Since 2017, Stable has expanded his work beyond performance into arts consulting, festival curation, film, and writing. In 2018, he served as a consultant for the Kimmel Center for the Performing Arts. He also founded two major percussion events: the Philadelphia Percussion Festival, established in 2012, and the UCLA International Percussion Festival, launched in 2022. In addition to his work in music, he directed and produced two documentary films, The Artist Body (2021) and Son Habana (2024). He also published a novel, Ebony Brown: The Awakening, released in 2025.

After becoming a consummate musician, Stable decided to expand his career to new artistic mediums and disciplines, focusing more on management, production and marketing. He also now holds a Master's degree in Jazz Composition and Music Business from the University of the Arts (Philadelphia).

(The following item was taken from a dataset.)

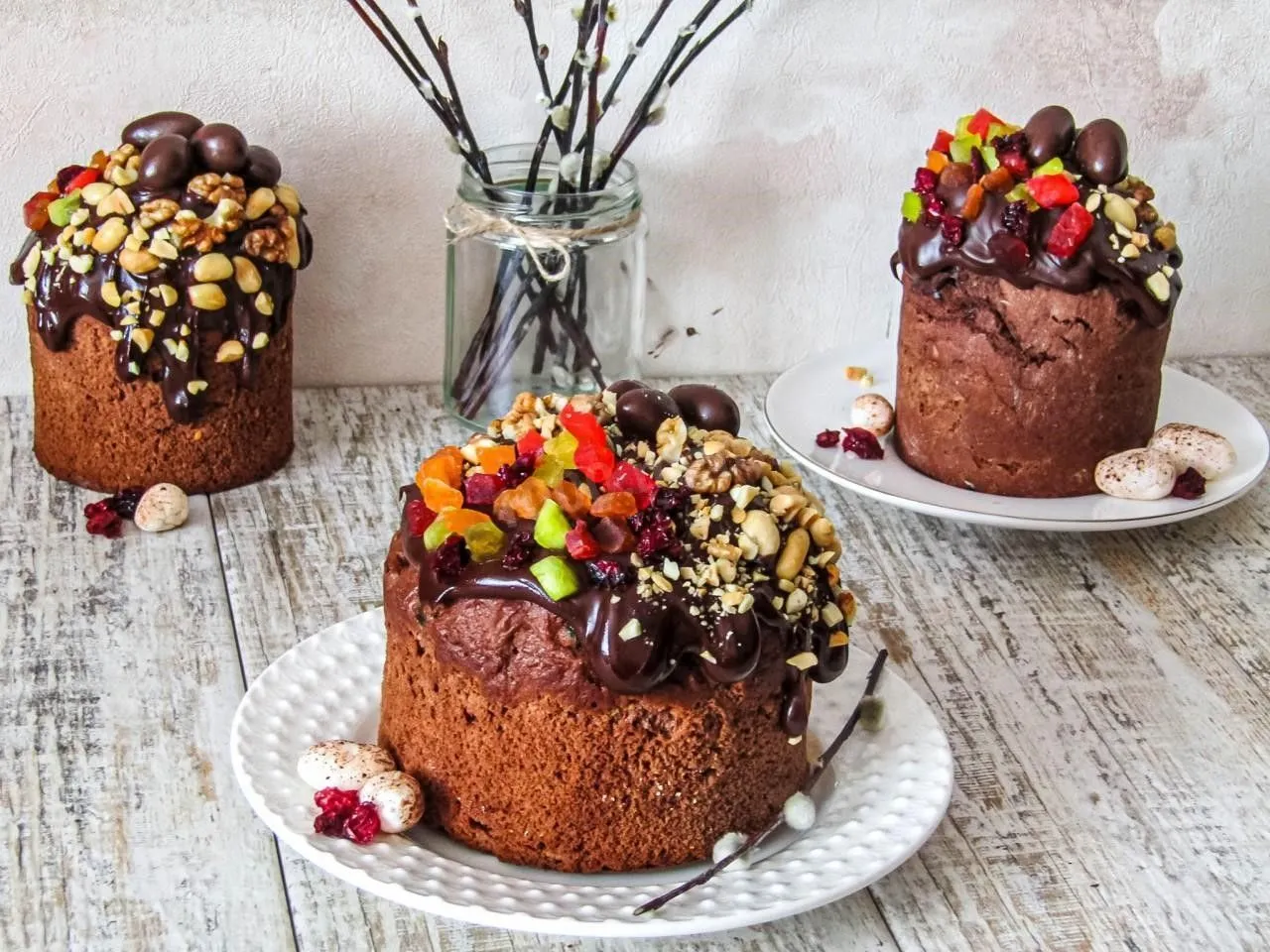 Еще один способ украшения кулича тоже глазурь, но уже не белая, а шоколадная, да это очень необычно, но не менее вкусно и оригинально, шоколадная глазурь придает невероятный вкус куличу, и ваш кулич будет походить на целый торт. Когда вы сварите шоколад, его лучше поливать на кулич тогда, когда он чуть остынет, и дождаться, когда глазурь застынет полностью. Любители шоколада оценят такое украшение кулича.

Stable currently teaches music at a university.

==Discography==

===Albums as leader===
- 3rd Step (Origen Records, 2004) – Arturo's first album as a band leader.
- Notes on Canvas (Origen Records, 2007) – with the participation of more than 15 musicians, featuring among them Grammy Award winners Paquito D'Rivera and David Sánchez.
- Call (Origen Records, 2009) – a quintet outing showcasing pianist Aruan Ortiz, bassist Edward Perez, saxophonist Javier Vercher and drummer Francisco Mela, with special guest Ian Izquierdo on violin.
- Cuban Crosshatching (Origen Records, 2013) – features jazz notables, Lionel Loueke and Seamus Blake.

===Albums as co-leader===
- Dos Y Mas (Motéma, 2012) – the debut recording of Elio Villafranca and Arturo Stable's piano and percussion collaboration.